- Developer: Demonware Softwarehaus
- Publisher: Demonware Softwarehaus
- Producer: Will Weber
- Designers: Kurt Cotoaga Andreas Herbst
- Artists: Boris Kunkel Jörg Ritter
- Composer: Torsten Gellrich
- Platform: Amiga
- Release: 1990
- Genre: Action game
- Mode: Single-player

= Final Countdown (video game) =

1990 video game

Final Countdown is a side-scrolling action-adventure game developed and published by Demonware Softwarehaus for the Amiga, and released in 1990. The game is set in the 25th century, and sees players taking on the role of a female space station commander who boards an asteroid-like space ship to investigate it after it is found to be on a collision course for Earth, navigating around and dealing with various hazards and hostile robots along their way.

==Gameplay==
Players take on the role of a female space commander who must explore various levels of an alien spaceship (disguised as an asteroid).
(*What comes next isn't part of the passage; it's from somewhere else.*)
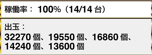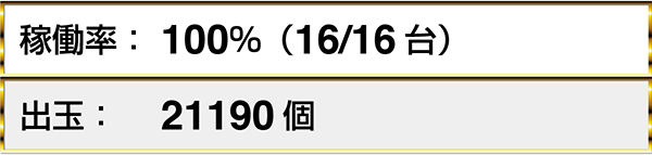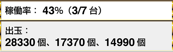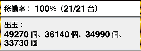 『ぱちんこCR真・北斗無双』や『CR真・花の慶次2〜漆黒の衝撃 2400』など、3機種以上が稼働率100%。

Each level is divided into three floors, and differ in obstacles, hostile robots and other hazards, with special teleporters that are used to switch between levels. To navigate around the levels, players can walk where possible, and use a jetpack to move between floors - if a lift is not available to do so - as well as to cross gaps and avoid certain hazards like active mines. Using the jetpack consumes fuel, which can only be replenished by picking up energy cells scattered around the level. Along with hazards, each level comes with a variety of robots - while some are peaceful, others will kill the player or trigger a ship-wide alarm. For hostile robots, the player can make use of energy doors to control where they operate, alcoves to get past them, or set down mines to destroy them - these can be acquired in levels in an inactive form; once set down, they can be picked up before they activate.

Computer consoles found in levels can be interacted with - these require text commands to operate, such as "SHOW IMAGE" or "TYPE FILE", with the player able to use computers to either read documents, view image files, or activate and deactivate certain lifts, robots and doors. Some actions are security locked, and the player is required to find the right code to avoid triggering an alarm. The player will respawn in a level if they touch a hazard or hostile robot, but this will consume mission time in doing so. The game is over if they trigger the ship's alarm or take too long to complete the game.

==Synopsis==
In the year 2437AD, an asteroid is detected entering the Solar System, near to Pluto. An orbital communication facility, designated Tercom I, attempts to scan the asteroid, but its onboard AI computer systems determine it is not a natural object, after all efforts to investigate it remotely are thwarted by an unknown entity. Deciding to investigate themselves, Tercom I's commanding officer, Laira Tyrik, teleports to the asteroid's interior. Once aboard, she discover the asteroid is in fact an alien ship, which is slowly entering a collision course with Earth and is equipped with powerful weapons technology that could destroy not only the planet, but the Solar System as well.

To prevent this, Laira explores the ship, dealing with hazards and alien robots, whilst carefully interacting with the ship's computer, effectively deactivating systems and setting it on a course that will leave the system.

==Reception==

Final Countdown received mixed but mostly positive reviews, including 75% and 76% in Amiga Action, 70% in Amiga Format, 81% in Amiga Joker, 6/10 in Datormagazin, and 32% in PowerPlay.